Ab initio uncertainty quantification in scattering analysis of microscopy

Estimating parameters from data is a fundamental problem in physics, customarily done by minimizing a loss function between a model and observed statistics. In scattering-based analysis, it is common to work in the reciprocal space. Researchers often employ their domain expertise to select a specific range of wavevectors for analysis, a choice that can vary depending on the specific case. We introduce another paradigm that defines a probabilistic generative model from the beginning of data processing and propagates the uncertainty for parameter estimation, termed the ab initio uncertainty quantification (AIUQ).

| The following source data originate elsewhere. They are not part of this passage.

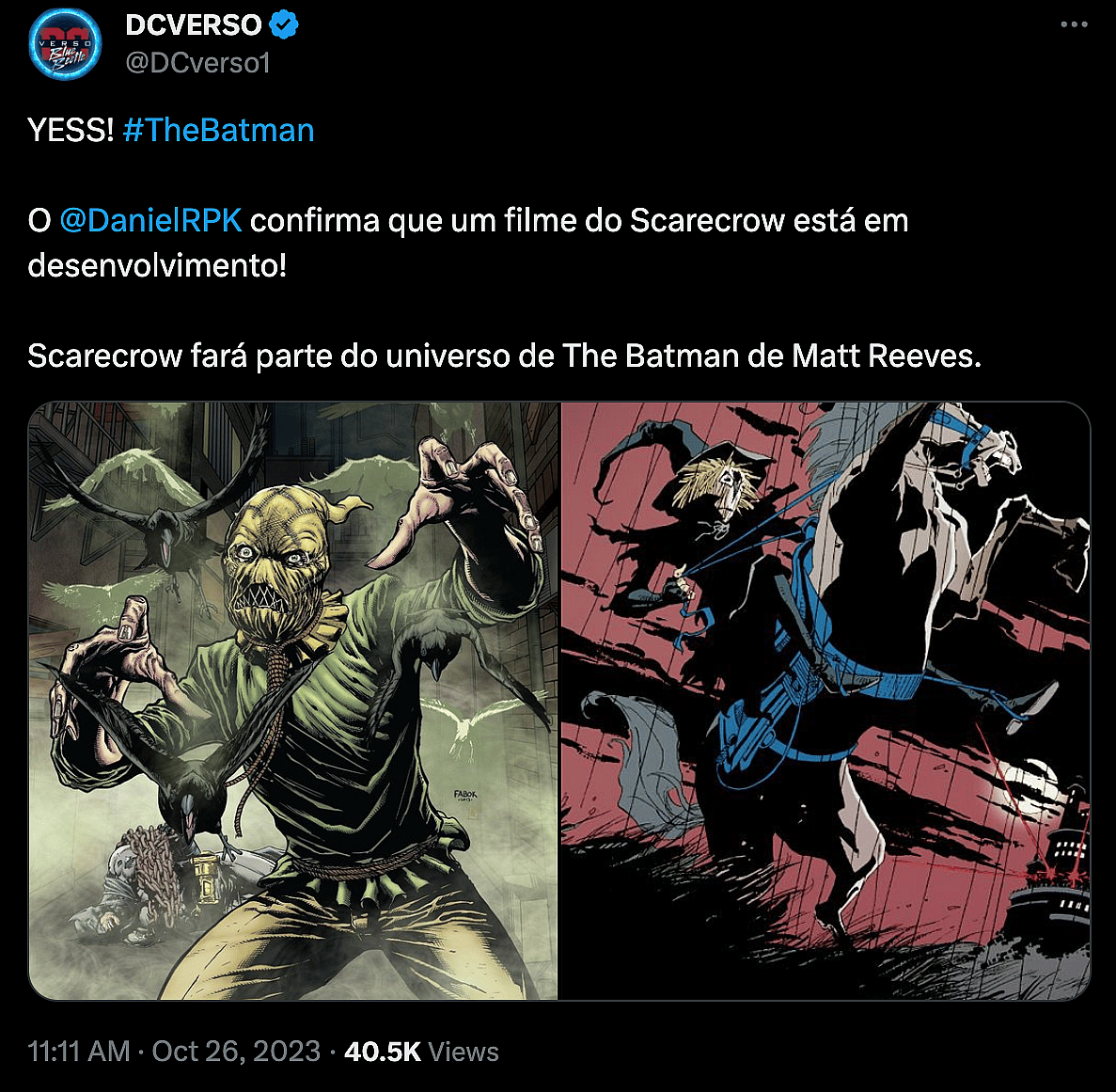 No casting was proposed and there are no further details about this story, but feel free to tell us what you want to see in a Reeves Bat-Verse Scarecrow.
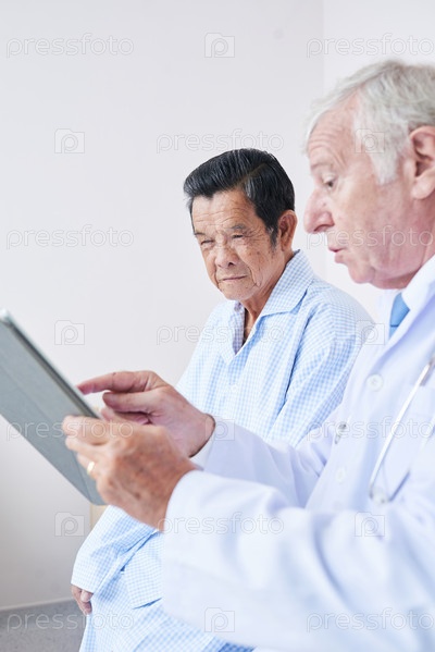 Врач показывает пациенту планшетный компьютер
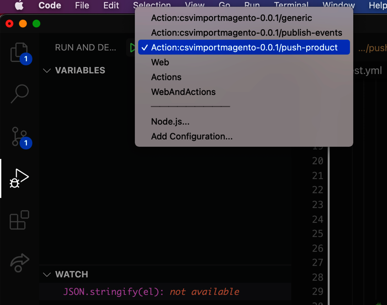 Debugging of a Firefly application is quite easy. Into .vscode/launch.json, add the following code, especially if you are adding a new runtime action:

As an illustrative example, we demonstrate this approach with differential dynamic microscopy (DDM) that extracts dynamical information through minimizing a loss function for the squared differences of the Fourier-transformed intensities, at a selected range of wavevectors. We first show that DDM is equivalent to fitting a temporal variogram in the reciprocal space using a latent factor model as the generative model. Then we derive the maximum marginal likelihood estimator, which optimally weighs information at all wavevectors, therefore eliminating the need to select the range of wavevectors. Furthermore, we reduce the computational cost of computing the likelihood function by more than a hundred thousand times, without approximation, by utilizing the generalized Schur algorithm for Toeplitz covariances. Simulated studies of a wide range of dynamical systems validate that the AIUQ method substantially improves estimation accuracy and enables model selection with automated analysis. The utility of AIUQ is also demonstrated by three distinct sets of experiments: first in an isotropic Newtonian fluid, pushing limits of optically dense systems compared to multiple particle tracking; next in a system undergoing a sol-gel transition, automating the determination of gelling points and critical exponent; and lastly, in discerning anisotropic diffusive behavior of colloids in a liquid crystal. These outcomes collectively underscore AIUQ's versatility to capture system dynamics in an efficient and automated manner.